=== Section Start ===

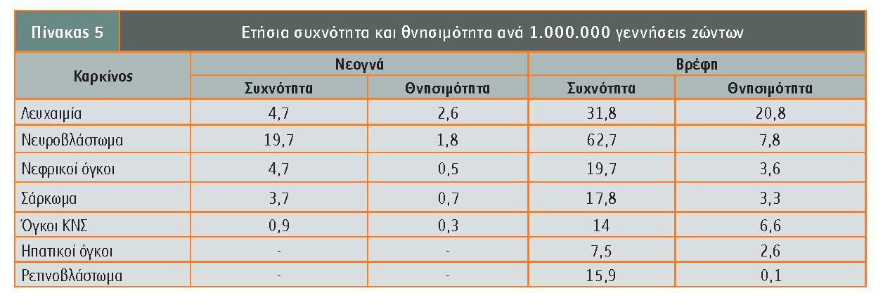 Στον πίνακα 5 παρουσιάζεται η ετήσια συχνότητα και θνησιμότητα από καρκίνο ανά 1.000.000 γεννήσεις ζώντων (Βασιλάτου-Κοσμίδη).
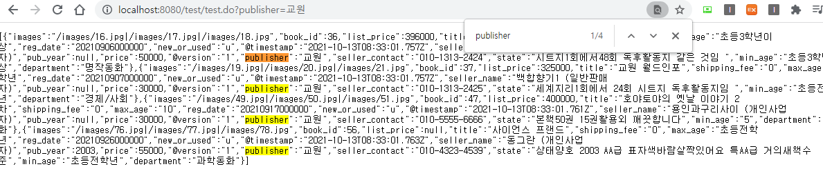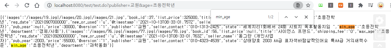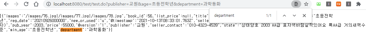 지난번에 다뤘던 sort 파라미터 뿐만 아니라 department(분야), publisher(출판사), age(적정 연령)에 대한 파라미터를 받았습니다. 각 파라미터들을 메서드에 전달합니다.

=== Section End ===
=== Section Start ===

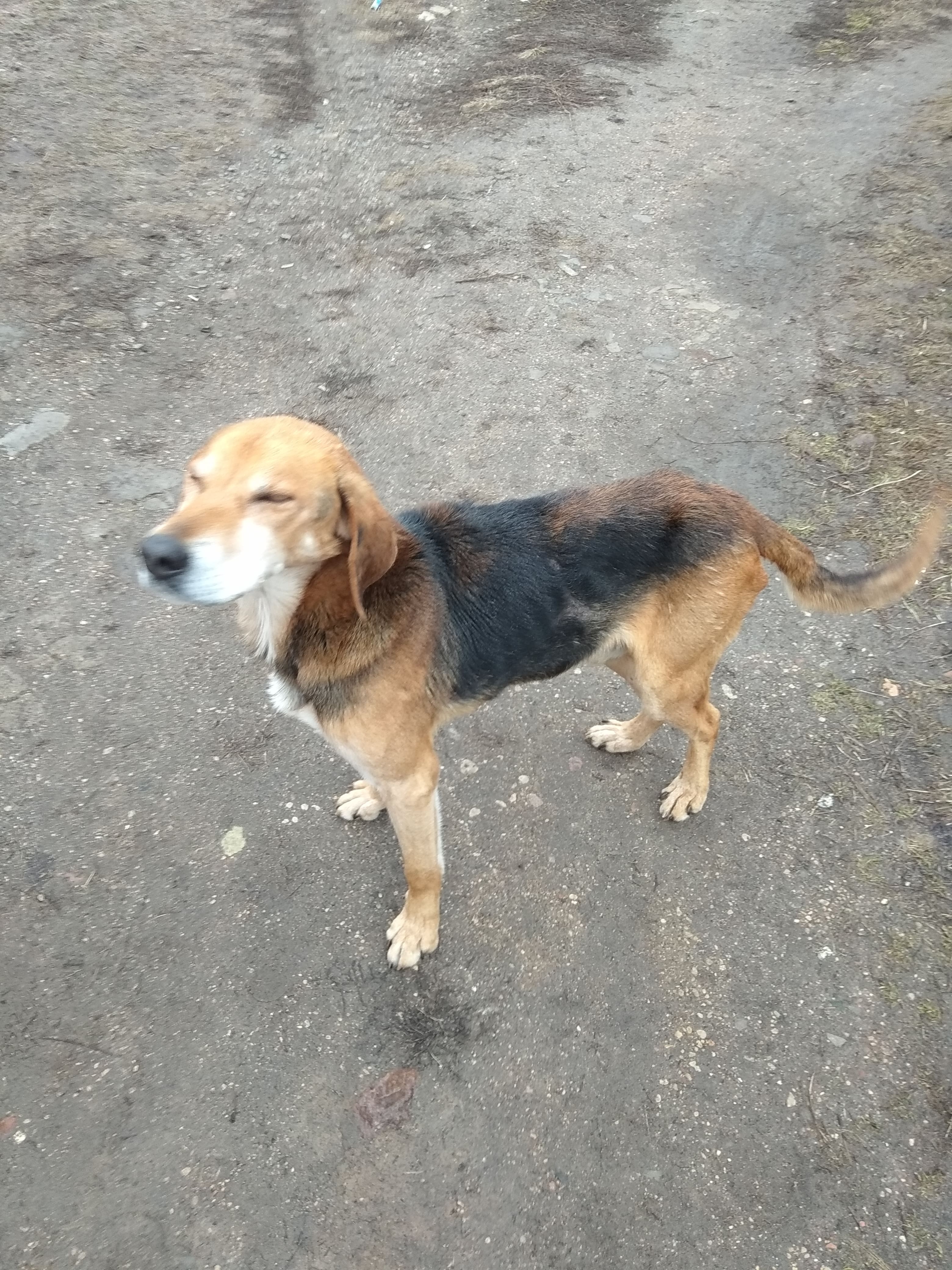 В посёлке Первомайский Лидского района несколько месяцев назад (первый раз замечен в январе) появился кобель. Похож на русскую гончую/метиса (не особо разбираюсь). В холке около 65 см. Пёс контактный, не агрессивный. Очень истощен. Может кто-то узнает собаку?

=== Section End ===

To do: In the listing above, find the line containing "Στον πίνακα 5" and the line containing "지난번에 다뤘던 sort"; print those lines and every line between them exactly, leaving out pictures.

Answer space:
 Στον πίνακα 5 παρουσιάζεται η ετήσια συχνότητα και θνησιμότητα από καρκίνο ανά 1.000.000 γεννήσεις ζώντων (Βασιλάτου-Κοσμίδη).
 지난번에 다뤘던 sort 파라미터 뿐만 아니라 department(분야), publisher(출판사), age(적정 연령)에 대한 파라미터를 받았습니다. 각 파라미터들을 메서드에 전달합니다.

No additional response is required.